Example input
Here's how this code works:
First, it imports the necessary libraries for data manipulation, K-Means clustering, and visualization.
Next, it loads your dataset and selects the columns you want to use for clustering.
It then defines the number of clusters you want to form.
The code performs K-Means clustering on your data using the KMeans() function from scikit-learn.
Finally, it visualizes the resulting clusters using the plt.scatter() function from matplotlib.
Example output
# Importing libraries
import pandas as pd
import numpy as np
from sklearn.cluster import KMeans
import matplotlib.pyplot as plt
# Load the data
data = pd.read_csv('raw_data.csv')
# Select the columns you want to use for clustering
X = data[['Feature 1', 'Feature 2', 'Feature 3', 'Feature 4']].values
# Define the number of clusters you want to form
num_clusters = 3
# Perform K-Means clustering
kmeans = KMeans(n_clusters=num_clusters, init='k-means++', max_iter=300, n_init=10, random_state=0)

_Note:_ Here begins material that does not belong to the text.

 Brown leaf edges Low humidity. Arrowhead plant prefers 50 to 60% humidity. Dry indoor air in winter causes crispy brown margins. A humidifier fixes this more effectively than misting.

y_kmeans = kmeans.fit_predict(X)
# Visualize the clusters
plt.scatter(X[y_kmeans == 0, 0], X[y_kmeans == 0, 1], s = 100, c = 'red', label = 'Cluster 1')

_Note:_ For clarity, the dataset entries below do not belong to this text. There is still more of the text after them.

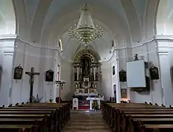 The local parish church is dedicated to Our Lady of Lourdes and belongs to the Roman Catholic Archdiocese of Ljubljana. It was designed by Franc Avsec[4] and built in 1904 with an octagonal nave.[6] A second church, built on Glinjek Hill (828 m) south of the main settlement, belongs to the same parish. It is dedicated to Saint George (Slovene: sveti Jurij) and originally dates to the 13th century. It was restyled in the 19th century, but retains some of its original features.[7]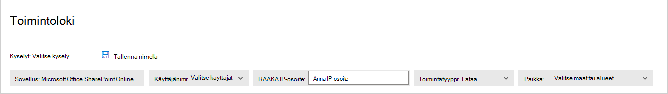 Toimintoloki voidaan suodattaa niin, että voit etsiä tiettyjä toimintoja. Voit luoda käytäntöjä aktiviteettien perusteella ja määrittää sitten, mistä haluat saada ilmoituksen ja käsitellä niitä. Voit etsiä tiettyjä tiedostoja koskevia toimintoja. Toimintojen tyyppi ja kustakin toiminnosta saatavat tiedot määräytyvät sovelluksen mukaan ja sen tietojen perusteella, millaisia tietoja sovellus voi tarjota.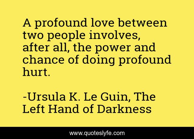 This page presents the quote "A profound love between two people involves, after all, the power and chance of doing profound hurt.". Author of this quote is Ursula K. Le Guin, The Left Hand of Darkness. This quote is about love, science-fiction, affection, hurt,.

plt.scatter(X[y_kmeans == 1, 0], X[y_kmeans == 1, 1], s = 100, c = 'blue', label = 'Cluster 2')
plt.scatter(X[y_kmeans == 2, 0], X[y_kmeans == 2, 1], s = 100, c = 'green', label = 'Cluster 3')
plt.scatter(kmeans.cluster_centers_[:, 0], kmeans.cluster_centers_[:, 1], s = 300, c = 'yellow', label = 'Centroids')
plt.title('Clusters')
plt.xlabel('Feature 1')
plt.ylabel('Feature 2')
plt.legend()
plt.show()